TASK INSTRUCTIONS. Output nothing except the lines from the one containing "The ergoArc® CK-T1B" through the final line of the data, both included, typed exactly, minus the pictures.

[Dataset records]
● ● ● ● ●

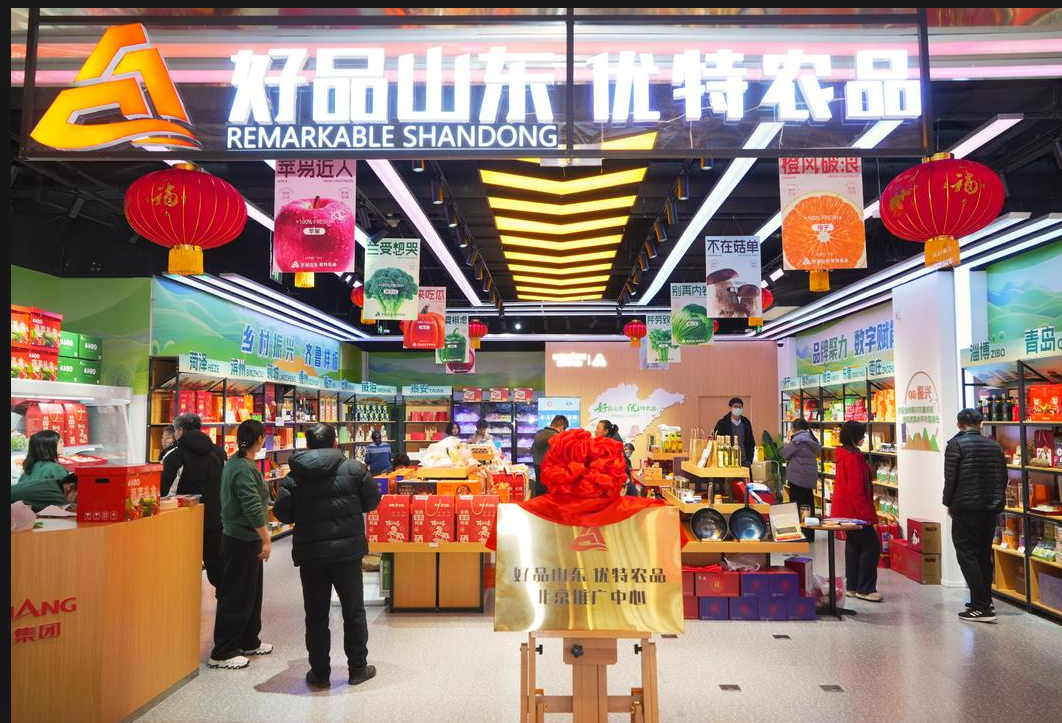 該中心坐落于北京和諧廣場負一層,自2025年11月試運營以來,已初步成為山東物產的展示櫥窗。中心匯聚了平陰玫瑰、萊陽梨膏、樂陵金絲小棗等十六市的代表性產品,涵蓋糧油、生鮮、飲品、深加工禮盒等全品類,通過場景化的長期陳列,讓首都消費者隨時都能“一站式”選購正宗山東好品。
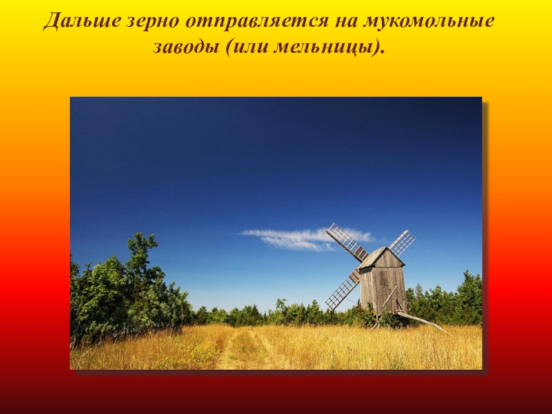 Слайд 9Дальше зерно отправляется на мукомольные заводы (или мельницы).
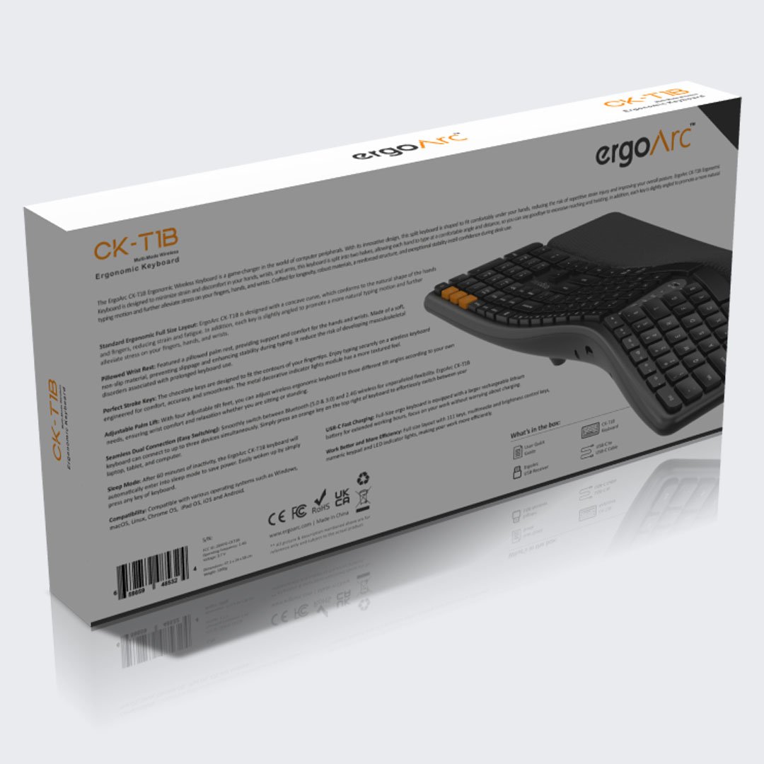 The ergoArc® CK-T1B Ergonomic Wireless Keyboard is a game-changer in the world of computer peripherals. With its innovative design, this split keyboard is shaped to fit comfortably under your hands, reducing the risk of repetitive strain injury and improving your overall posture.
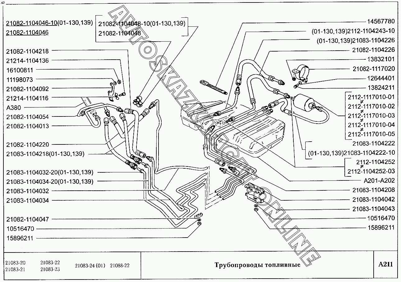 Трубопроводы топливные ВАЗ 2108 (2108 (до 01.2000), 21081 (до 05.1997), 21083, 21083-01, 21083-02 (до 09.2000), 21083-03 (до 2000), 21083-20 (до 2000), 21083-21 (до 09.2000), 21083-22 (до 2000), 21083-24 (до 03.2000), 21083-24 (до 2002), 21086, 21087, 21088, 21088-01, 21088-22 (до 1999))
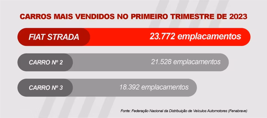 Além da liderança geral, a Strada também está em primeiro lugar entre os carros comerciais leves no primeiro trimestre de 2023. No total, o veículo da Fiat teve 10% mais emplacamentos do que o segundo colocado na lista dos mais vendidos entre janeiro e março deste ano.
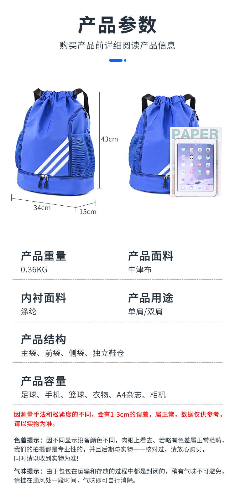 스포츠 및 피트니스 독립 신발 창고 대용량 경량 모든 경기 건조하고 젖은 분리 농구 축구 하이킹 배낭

● ● ● ● ●

PROBLEM SOLUTION.
 The ergoArc® CK-T1B Ergonomic Wireless Keyboard is a game-changer in the world of computer peripherals. With its innovative design, this split keyboard is shaped to fit comfortably under your hands, reducing the risk of repetitive strain injury and improving your overall posture.
 Трубопроводы топливные ВАЗ 2108 (2108 (до 01.2000), 21081 (до 05.1997), 21083, 21083-01, 21083-02 (до 09.2000), 21083-03 (до 2000), 21083-20 (до 2000), 21083-21 (до 09.2000), 21083-22 (до 2000), 21083-24 (до 03.2000), 21083-24 (до 2002), 21086, 21087, 21088, 21088-01, 21088-22 (до 1999))
 Além da liderança geral, a Strada também está em primeiro lugar entre os carros comerciais leves no primeiro trimestre de 2023. No total, o veículo da Fiat teve 10% mais emplacamentos do que o segundo colocado na lista dos mais vendidos entre janeiro e março deste ano.
 스포츠 및 피트니스 독립 신발 창고 대용량 경량 모든 경기 건조하고 젖은 분리 농구 축구 하이킹 배낭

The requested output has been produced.